Une fois n’est pas coutume, ce petit billet évoquera des aspects de mon travail. Je reviens à l’instant de l’Université d’été de l’IHEST à la Saline Royale d’Arc et Senans, évènement sur lequel je travaille depuis plusieurs mois. Les échanges, sur le thème « Quelle place pour la science dans le débat public? », ont été très riches et certaines présentations m’ont ouvert des horizons. C’est le cas de celle de Daniel Sarewitz, sur « Science and the politics of climate change ».

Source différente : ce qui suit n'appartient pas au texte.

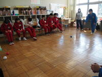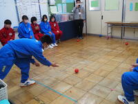 ◆2年1組 保健体育「捕る、投げる動作をマスターしよう」
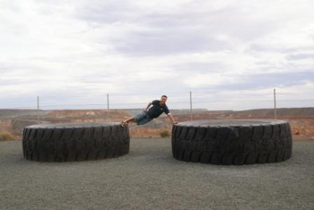 Nach ein paar Runden im Pool (dort gibt es übrigens auch wieder einen BBQ-Platz) düsen wir noch mal zur größten Goldmine der Region. Das sind nur 10 Minuten mit dem Auto. Beim "SUPERPIT - LOOKOUT" hat man einen tollen Blick in die riesige Mine die über 3 km lang sein soll. Echt beeindruckend !!
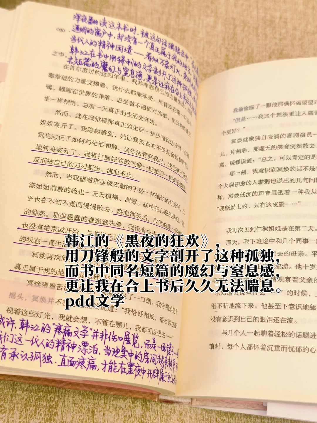 “在无数灯火通明的窗户中,却没有一个真正属于我的地方。”这像极了当代人的精神困境——看似万家灯火,实则无处归依。韩江的《黑夜的狂欢》,用刀锋般的文字剖开了这种孤独,而书中同名短篇的魔幻与窒息感,更让我在合上书后久久无法喘息。

Daniel, qui est le codirecteur du Consortium for Science, Policy and Outcomes à l’Université d’Etat d’Arizona et éditorialiste de Nature, a présenté un argumentaire serré – d’aucuns diraient « en béton armé ». En quelques mots : dans le domaine du changement climatique, une liaison de fait a été établie entre la science du climat (« ce que nous savons ») et les réponses politiques aptes à réduire les dangers que le changement climatique promet (« ce que nous avons à faire »). Ce que Daniel appelle « The Plan » consiste à dire qu’à partir du moment où les gens connaîtront les éléments scientifiques sur le climat, ils accepteront ou même appelleront de leurs vœux la réponse politique qui permettra d’éloigner les risques du changement climatique. Il y a deux problèmes à cette approche, selon Daniel. Le premier, c’est que « The Plan » ne marche pas : alors que la science du climat a fait des progrès considérables depuis 20 ans et qu’elle n’a jamais été autant communiquée, les pays développés n’ont pas réduit leurs émissions et les propositions politiques (le régime de Kyoto pour faire vite) suscitent des oppositions croissantes, notamment de la droite américaine. Mais le deuxième problème, c’est que pour « The Plan », la réponse politique semble univoque : l’adaptation des comportements individuels par la culpabilisation de la consommation. Or, et c’est le cœur du propos de Daniel et l’origine du Hartwell Paper sorti l’année dernière, cette action politique univoque, cette restriction des possibles a des conséquences négatives sur la légitimité de la science elle-même. Dans le même mouvement où on conteste la politique, voire même POUR contester la politique, on conteste la science à laquelle elle est si intimement liée.
Ce que suggère Daniel d’un point de vue pragmatique, c’est donc d’arrêter d’appuyer les politiques nécessaires de sobriété sur des justifications scientifiques et plus exactement, de disjoindre la science du climat et les politiques énergétiques.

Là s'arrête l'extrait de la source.